Brisbane office market: over supplied or under demolished?July 6, 2015 / By
The Queensland economy is currently undergoing a difficult transition away from the resource sector towards more broad based growth. At the same time the Brisbane office market is struggling with a difficult combination of historically high vacancy combined with a large development pipeline. What are the long term prospects for a market with such characteristics?
Rather than compare Brisbane to other resource based cities I’m going to look internationally to another city which also experienced a similar situation. In Amsterdam demand fell off dramatically after the dot com crash and at the same time new developments were in the pipeline.

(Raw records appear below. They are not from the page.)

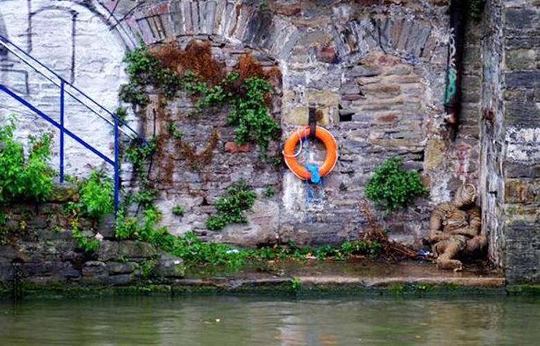 Na obali rijeke Avon u engleskom gradu Bristolu bio je zlokobna lutka u ljudskoj visini, slična zavoju mama.
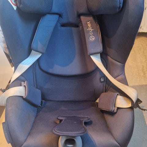 Cybex autostol i størrelse 18. Autostolen har integreret 5-punktssele og justerbar hovedstøtte. Den monteres på en base, som er fastgjort til sædet. Betrækket er i en mørk farve med lyse seler. Velegnet til brug i bil til børn,
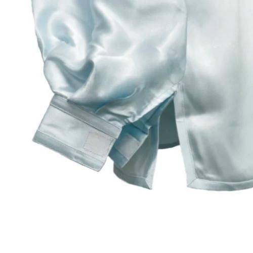 胸までファスナータイプで被りタイプです。袖口は、手軽なマジックテープ留めです。ポリエステル製の光沢の美しいサテン生地です。手軽に洗濯可能です。太極拳の表演服は通常1ヶ月半〜2ヶ月程かかりますが、こちらは在庫商品ですのでご注文後、数日で発送が可能です。
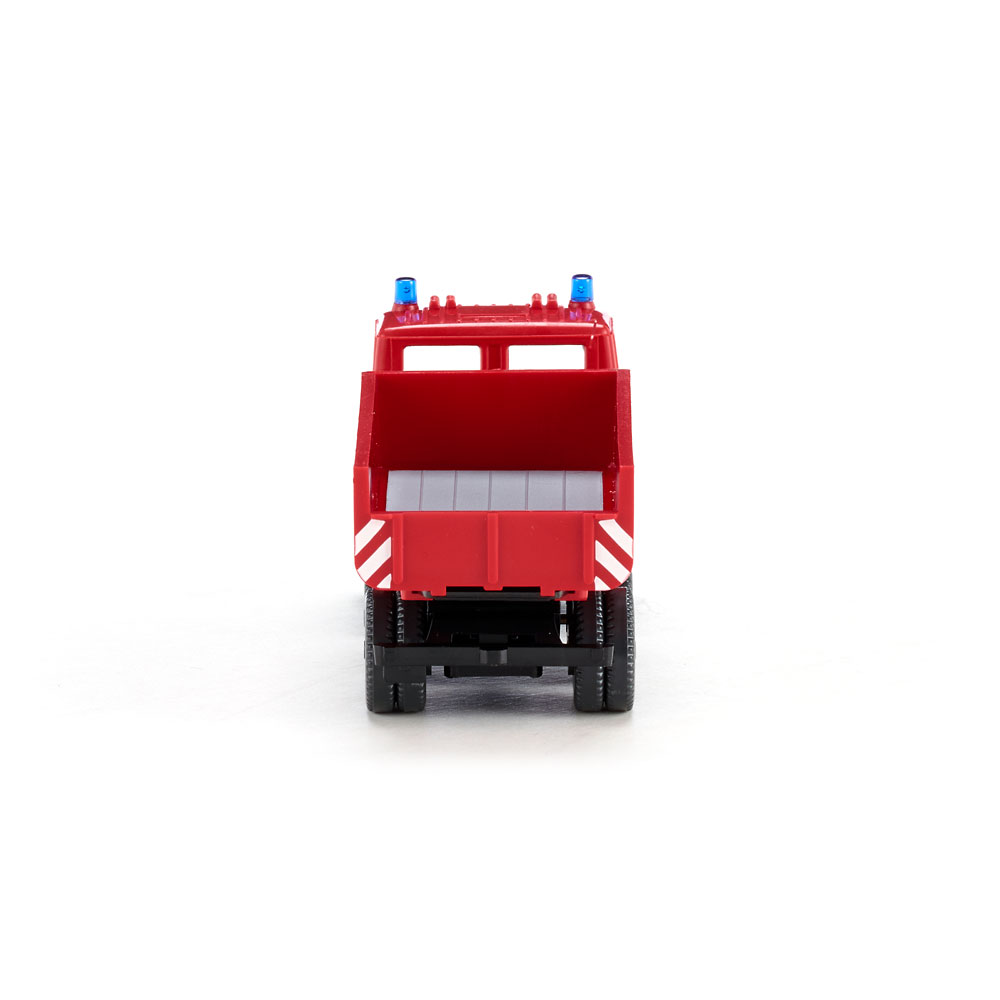 Driver's cab red with transparent blue warning light inserted in red base. Chassis, Cardan part and search light black, interior anthracite grey. Radiator grille black with silver-painted Mercedes-Benz star. Bumper headlamps and searchlight hand-painted in silver. Ramp black, skip red with silver base insert. Wheel rims in black. "Feuerwehr" lettering on front of the driver's cab. Skip imprinted with warning lights and "Feuerwehr" lettering on the sides. UPC: 4006190624039
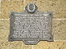 Paete was established as town in 1580 by Franciscan priest Fray Juan Plasencia under the patronage of Saint Lawrence.[1][2] Due to the scarcity of religious men, it was annexed to the visita of Lumban until October 20, 1600, and to Pangil until 1602.[1] The first parish priest of Paete, Fray Pedro de Buenaventura, was appointed in 1602.[1] The first stone church and convent were built by Paete natives under the supervision of Fray Andres de Puertellanoin 1646 but it was later destroyed by an earthquake in 1717.[2] A new stone church was started the same year under Fray Francisco de la Fuente.[2][3] It was completed in 1840 under the term of Fray Luis de Nambroca.[3][4] The church and convent were again destroyed by the 1880 Luzon earthquake.[2][5] Father Gregorio Martin built a temporary small church of 33 m (108 ft) by 13.2 m (43 ft) by 8.6 m (28 ft).[6] In 1884, the church was rebuilt under Father Pedro Galiano, now facing the Laguna lake but this was again destroyed by another earthquake on August 20, 1937.[2] The church served as a dungeon and torture house to the people of Paete during the Japanese occupation of the Philippines in World War II.
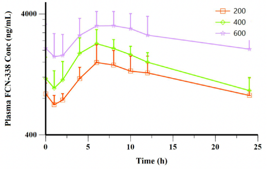 截止目前2025年3月8日,该深入分析共并入40例病人,病人认同如下三种FCN-338给药手段:空腹吃给药5-7个残留量组(50 - 600 mg),或与餐同服3个残留量组(200 mg、400 mg、600 mg)。
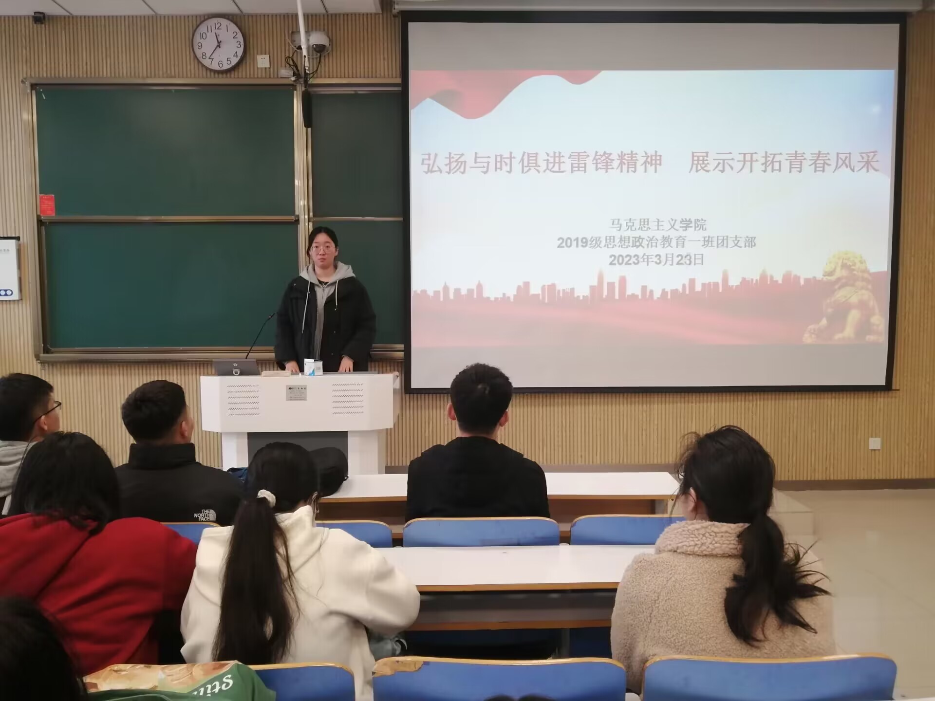 会议伊始,贾子漪向团员们强调了学习雷锋精神的重要性。接着,她通过播放视频的方式带领团员们回顾雷锋同志的一生。紧接着,她邀请雷诗雨、王一帆、王梦雅等同学上台逐一分享有关于雷锋同志的事迹、故事以及发生在身边的好人好人。最后,副班长王民带领团员们齐唱歌曲《学习雷锋好榜样》。
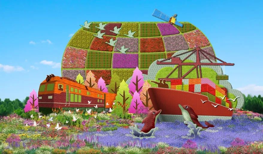 7. 西單東南角的“幸福之路”花壇頂高9米,以中歐班列、貨輪以及海豚為主景,寓意共同把“一帶一路”這條造福世界的幸福之路鋪得更寬更遠。
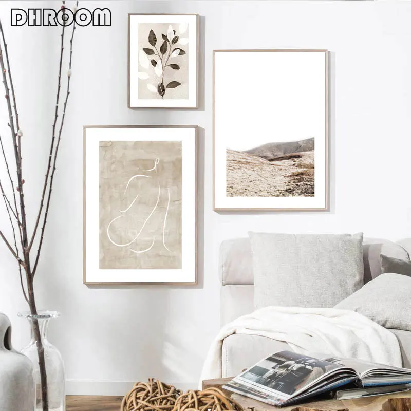 Скандинавский пейзаж, настенный постер на холсте, абстрактный лист,...
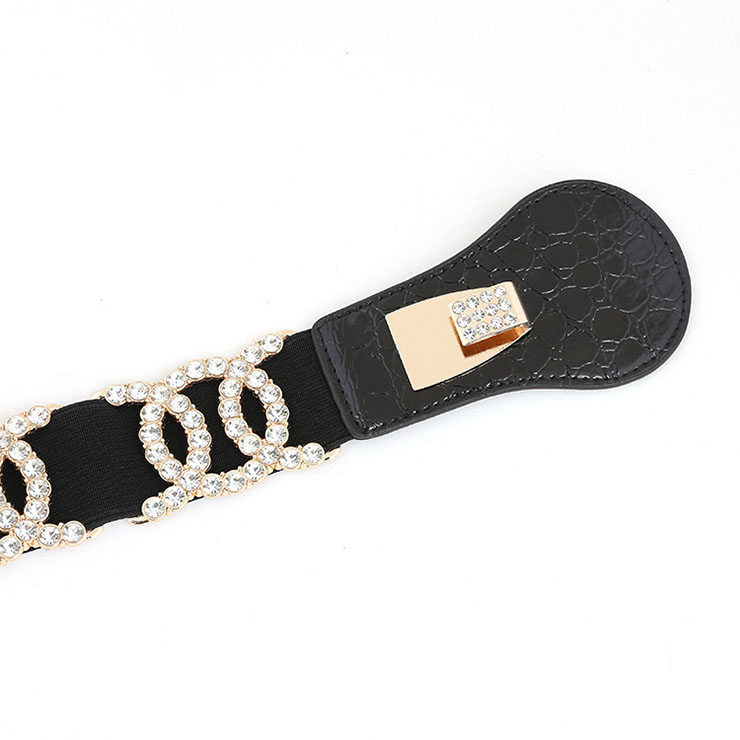 This Fashion Waist Belt features: high quality black elastic waistband with deluxe rhinestones embed, golden alloy buckle easy to wear. Perfect match with tunics, long chiffon blouses or dress, highlight your slim waist in a very attractive way.
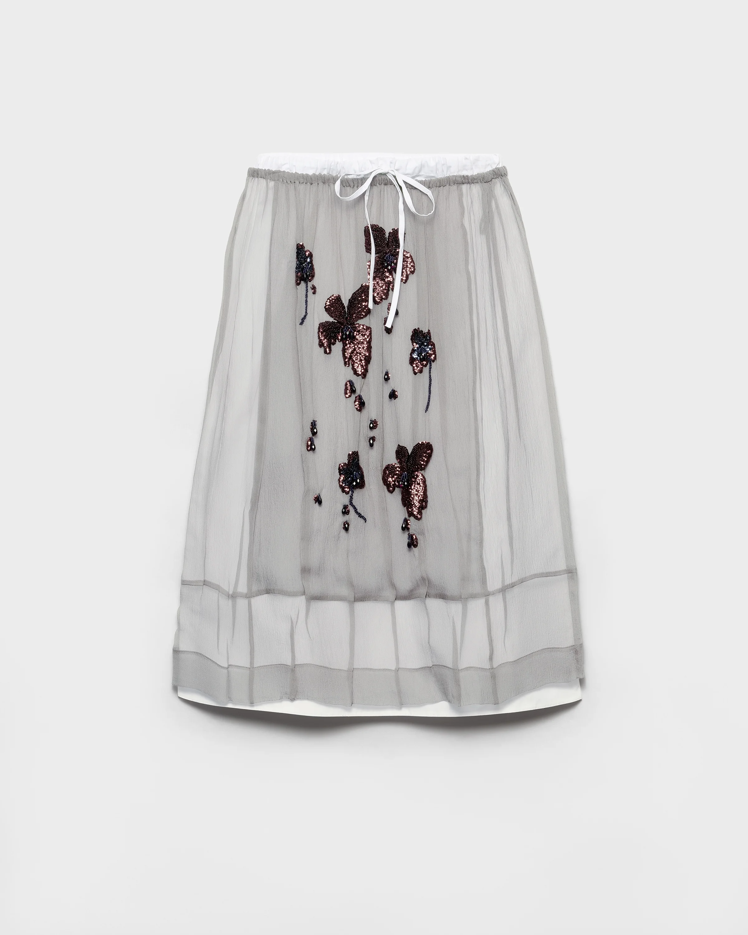 This skirt that blends layering and delicate contrasts expresses an intimate style and innate elegance. The lightweight silk chiffon silhouette is embellished with shimmering floral embroidery that adds a romantic touch. - Product code: P172ZR_18QL_F0024_S_OOO - Pencil silhouette - Garment with slip - Side zipper closure with hook - Sequined floral embroidery - Imported - The model is 178 cm tall and wears a size 38 Height: 65cm MATERIALS Main material: 100% silk

Vacancy in Amsterdam hit a low of just over 2% in 2000 and then consistently increased to 22% in mid-2005. Not all of the available stock was viewed as attractive to tenants due to quality and / or location and therefore a significant proportion of stock ended up vacant for several years. Structural vacancy was the term given to stock which was long term vacant and unlikely to be re-leased in its current fit out. This is a hangover from which Amsterdam is still recovering – in the ten years following the vacancy peak, prime face rents have only grown by 7.8% (or 0.8% p.a.) and vacancy today is 15.5%. ‘It isn’t over supplied it’s under demolished’ was used to describe the Amsterdam situation.
Vacancy Rates Brisbane and Amsterdam
Source: JLL Research
There are several similarities to Brisbane’s current situation. In 2007 vacancy reached a low of 0.2%, has risen to 15.9% in 1Q15, and is expected to peak at just over 20% in 2016. Tenants are taking advantage of the current soft leasing market and are choosing to upgrade their office space at highly attractive rents. This is leaving behind vacant secondary space – already over 1 metre in every 5 metres of secondary space is vacant and this proportion is only likely to increase. JLL recently undertook an exercise to examine the vacant stock and there is a significant proportion which could already be classed as structurally or permanently vacant.
There are a few reasons why Brisbane may not follow in Amsterdam’s footsteps of limited rental growth for a decade:
- Withdrawals of office space are becoming an increasingly important part of the puzzle. JLL has identified up to 194,000 sqm (equivalent to 9% of stock) which could be withdrawn over the next five years for conversion, refurbishment or demolition.
- Policy is supporting conversion to other uses. Brisbane City council recently announced a discount to the infrastructure levy for student accommodation (similar to the one for 4 or 5 star hotels which already exists).
- The Queensland economy is forecast to return to stronger growth over the next few years which should boost office space demand.
Brisbane is definitely a market which is suffering from an oversupply. Whether it could be classed as under demolished is a different question, however, we expect that the secondary market in Brisbane will definitely benefit in the longer term from an increasing trend of withdrawals and conversions.